I’ve used the self-checkout at grocery stores in Chicago, and it’s very easy-to-use and handy because usually when I go to the grocery store, I buy a pack of gum and some coffee. I’m not buying dinner for ten, and in my experience, Chicagoans are terrified of the self-checkouts and avoid them like the plague. You never have to wait for the self-checkout, which is why I use them.
And then there’s Ralphs, with their U-Chek-Out. I don’t know what they did, but they’ve managed to take all the simplicity and fun out of the self-checkout. It has crazy sensors that make sure you’re bagging and/or leaving your items on the shelf next to the scanner, because putting it back on your cart is madness. And it’s very sensitive. At one point I held two items, one in each hand, and the scanner kept coming up wrong. The ivory-tower lady looked down upon me and said, “It’s ‘cause you got something in your hand.” What in the name of God is sensing that I have a completely separate object, held at a safe distance, in my opposite hand?
Now I know why people from Chicago hate the self-checkout: paranoia.

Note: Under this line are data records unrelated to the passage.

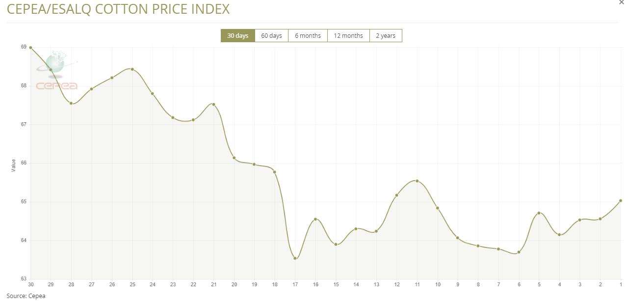 11月3日(周一),巴西CEPEA/ESALQ棉花價格指數(shù)報65.03美分/磅,較前一交易日上漲0.73%,較上月同期上漲0.73%。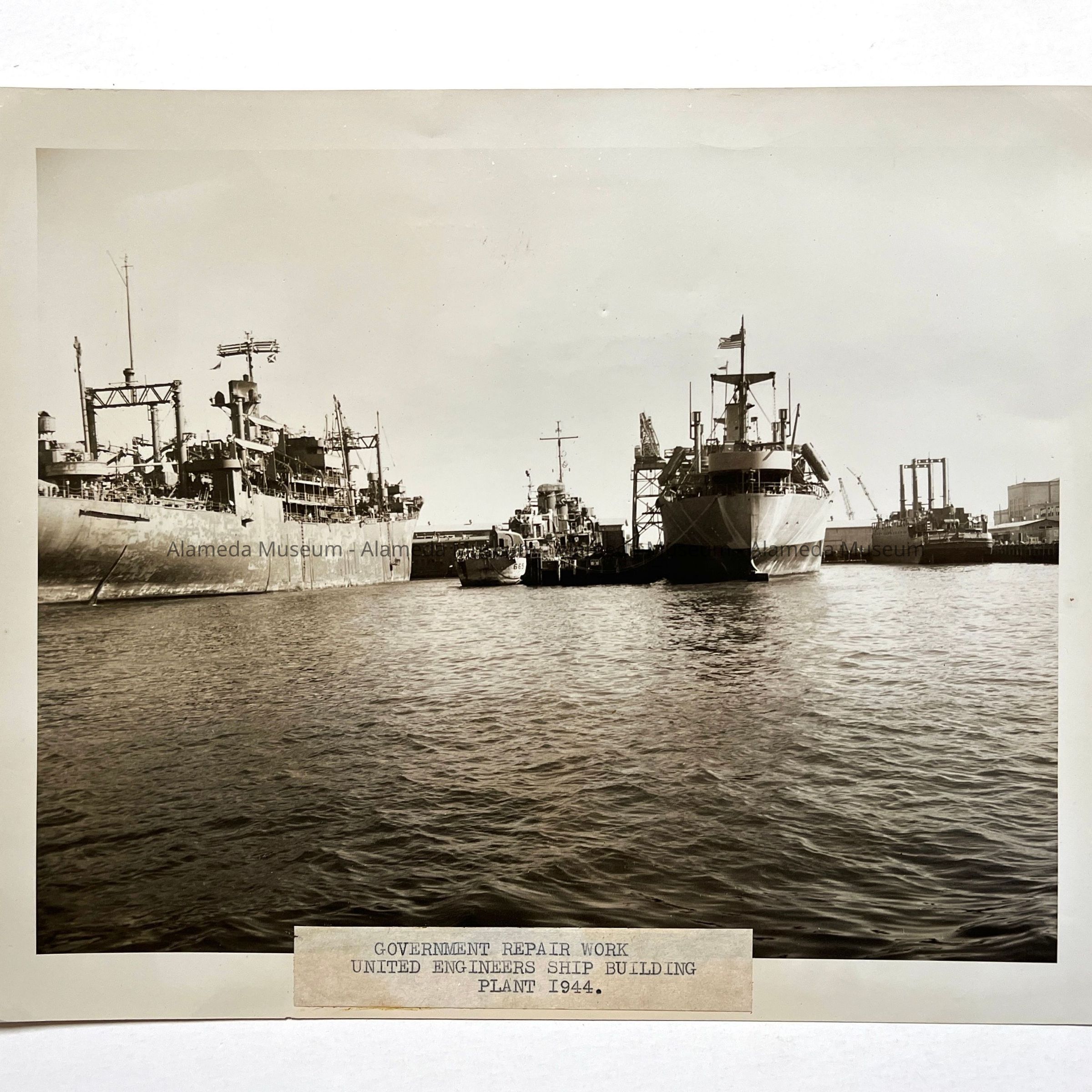 Photo of government vessels under repair, United Engineering Works, 1944Entry/Object ID
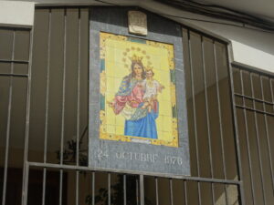 Inicio Obras 08972. Retablo cerámico. María Auxiliadora. Montilla. Córdoba. 08972. Retablo cerámico. María Auxiliadora. Montilla. Córdoba. Código08972Tipo de obraRetablo cerámicoFunciónDevocionalTipo de panelPictóricoAutorMármol Rodrigo, EnriqueTallerNuestra Señora Santa Ana. FábricaFuente de autoríaFirmadoCronologíaDécada de 1930Fuente de la cronologíaEstimaciónDimensiones0,75 m. x 1,05 m. (aprox.)Pieza datadaNo Lugar exacto donde se encuentraFachada del colegio salesiano. Calle Arcipreste Fernández Casado, 3PoblaciónMontillaProvinciaCórdobaPaísEspañaSituada en elExteriorLugar de producciónSevillaZona de producciónAndalucíaTécnica decorativaMixta de cuerda seca y azulejo plano pintadoTema de decoración o temáticaReligiosa - letíficaEscenaVirgen con el NiñoPersonajes representadosJesús de Nazaret NiñoVirgen MaríaAdvocacionesAuxiliadoraEstado de conservaciónPérdidas de vidriado Autor de las fotografíasJosé Manuel Leiva Pérez. Julio 2022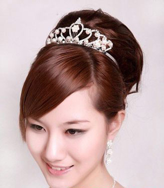 蓬松凌乱是2012盘发的最新潮流元素之一,这款发型适合俏皮妩媚的新娘。一高一低的双发髻,左右两侧头发一多一少,蓬松美和凌乱美尽显无疑。头顶优雅的白色珍珠发饰让造型更出位。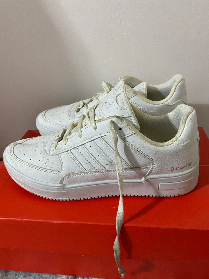 Beyaz, lastik malzemeden yapılmış, stiletto topuklu kadın spor ayakkabısı. Hafif ve deseniz, spor ve günlük rahat stil için uygundur. Rahat ve şık görünüme sahiptir. üstüne ayakkabı koyduğum için bi tık kirlenmiştir ama normalde hiçbir kusuru yoktur sadece 2 kere tek giymişimdir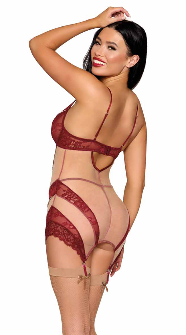 • Stretch lace and ultra sheer nude mesh garter slip and G-string with snag-free rhinestone seaming details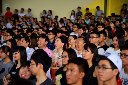 上午9时,演会中心外已有众多学生排队,秩序井然地凭票入场。9点30分,全场座无虚席,部分学生只能站在后排观看。当李克强总理宣布起立奏国歌时,全体师生起立,肃穆地凝视着大屏幕中缓缓上升的五星红旗并高唱国歌;当习近平总书记握拳向世界高呼“正义必胜、和平必胜、人民必胜”时,全场响起了如雷贯耳的掌声,响声此起彼伏,气势恢宏;当一列列国内外英雄方阵相继昂首阔步走过主席台时,他们整齐如一的队形,铿锵有力的脚步声以及目光如炬、英姿飒爽的形象,瞬间博得全场所有人的齐声欢呼;当海、陆、空三军陆续向世界人民展现我国国防力量时,同学们激动无比,掌声不断。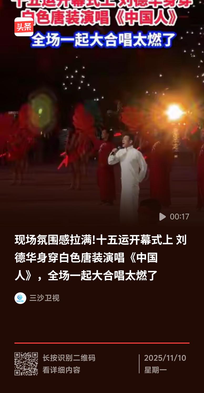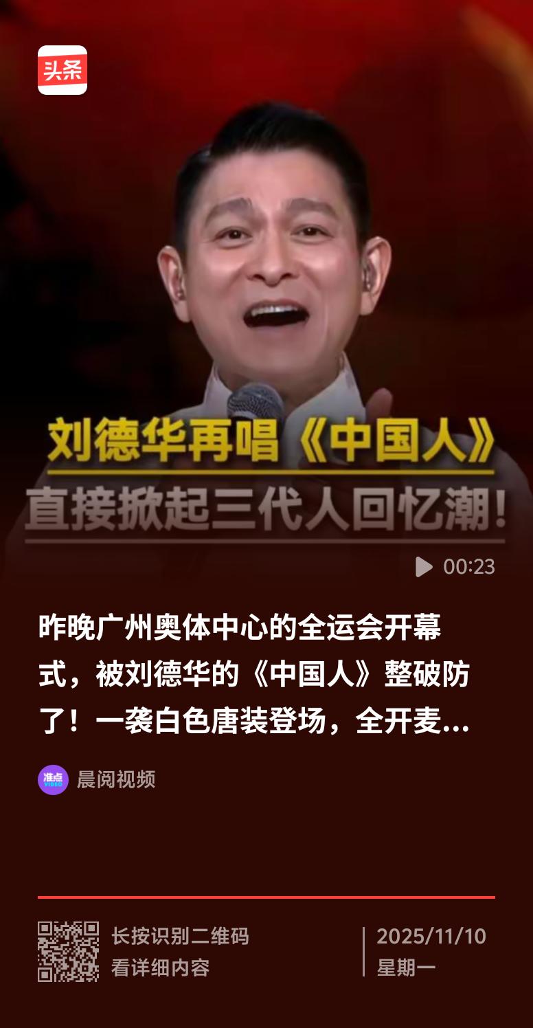 2025年11月9日,第十五届全运会开幕式上,64岁的刘德华作为压轴嘉宾登场,一曲《中国人》唱响,直接让国人的DNA动了。网上瞬间炸开了锅,“刘德华 提前解冻”这个词条直接冲上热搜。 在网友的“赛博设定”里,刘德华和玛丽亚·凯莉并称为“全球季节性解冻神曲”CP。只要刘德华一开嗓,大家就像被按下了春节启动键,都开始有了过年的感觉,难怪有人说“他歌声一响,国人的DNA都乱了”。不得不说,刘德华的歌就像一把钥匙,能打开大家心中关于经典和喜庆的那扇门。 刘德华 刘德华为何爆火

We’re by no means backward rubes (well, most of us…), but in that area there’s a general sense that if a machine knows you are putting items in your cart or holding them in your hand without scanning them, perhaps this technology should be buried under 30 feet of steel and never seen again by human eyes. Nobody seems to be bothered by it here, but I was pretty freaked out.
Perhaps waiting in line is worth the effort.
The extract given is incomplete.